## Recorded data

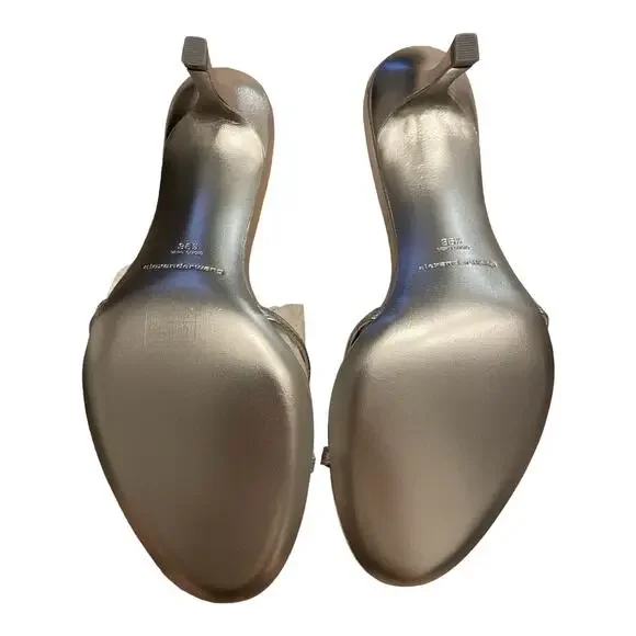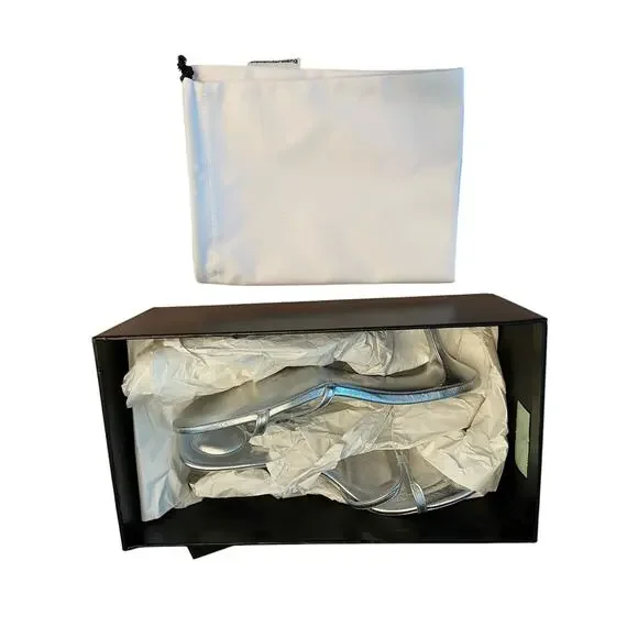Alexander Wang Lucienne 65 Strappy Slide Sandals Leather Metallic Silver 36.5
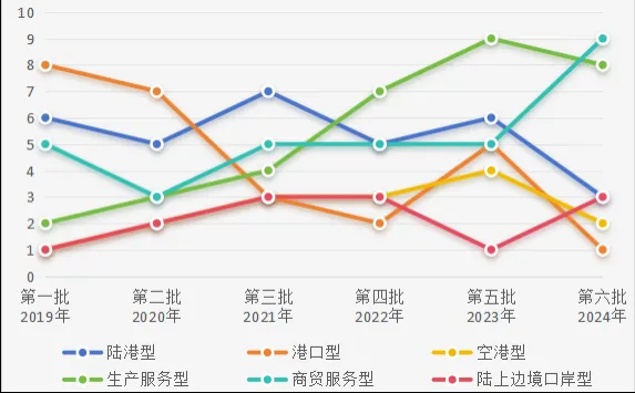 已發(fā)布樞紐的類型結(jié)構(gòu)以陸港型、生產(chǎn)服務型和商貿(mào)服務型為主,與規(guī)劃布局大體一致。近三年樞紐建設類型已逐步向生產(chǎn)服務型和商貿(mào)服務型偏移,商貿(mào)服務型2024年發(fā)布數(shù)量取得爆發(fā)式增長,但總體占比相較規(guī)劃布局仍略有偏差,未來仍屬建設重點。
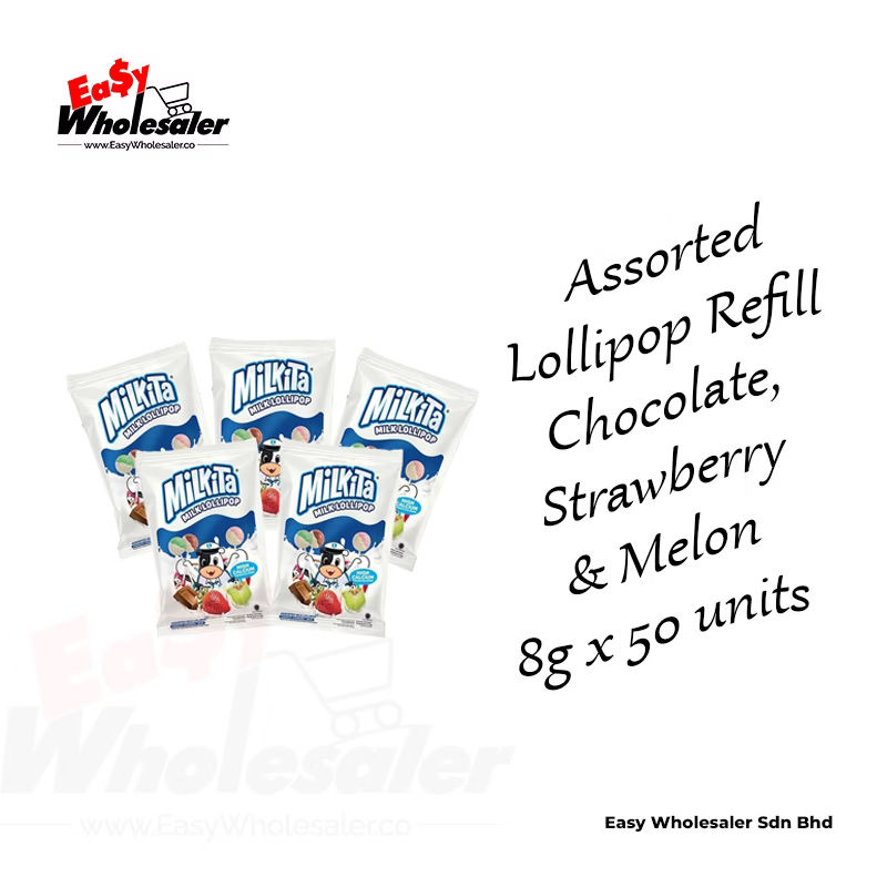 Milkita Assorted Lollipop Refill Chocolate, Strawberry and Melon 8g offers a delightful trio of tastes in a convenient pack. This refill pack is perfect for satisfying sweet cravings and sharing with friends and family. The lollipops come in bright, appealing colors and have a smooth texture, making them enjoyable for all ages. Ideal for on-the-go snacking, party favors, or casual get-togethers, these lollipops provide a mix of rich, sweet, and refreshing flavors that cater to different taste preferences. Compact and portable, they are easy to carry in your pocket, bag, or lunchbox. 🍫🍓🍈🍭

## What the task asks
Pictures are not part of the copy. Please reproduce the material word for word.

## Expected answer
Alexander Wang Lucienne 65 Strappy Slide Sandals Leather Metallic Silver 36.5
 已發(fā)布樞紐的類型結(jié)構(gòu)以陸港型、生產(chǎn)服務型和商貿(mào)服務型為主,與規(guī)劃布局大體一致。近三年樞紐建設類型已逐步向生產(chǎn)服務型和商貿(mào)服務型偏移,商貿(mào)服務型2024年發(fā)布數(shù)量取得爆發(fā)式增長,但總體占比相較規(guī)劃布局仍略有偏差,未來仍屬建設重點。
 Milkita Assorted Lollipop Refill Chocolate, Strawberry and Melon 8g offers a delightful trio of tastes in a convenient pack. This refill pack is perfect for satisfying sweet cravings and sharing with friends and family. The lollipops come in bright, appealing colors and have a smooth texture, making them enjoyable for all ages. Ideal for on-the-go snacking, party favors, or casual get-togethers, these lollipops provide a mix of rich, sweet, and refreshing flavors that cater to different taste preferences. Compact and portable, they are easy to carry in your pocket, bag, or lunchbox. 🍫🍓🍈🍭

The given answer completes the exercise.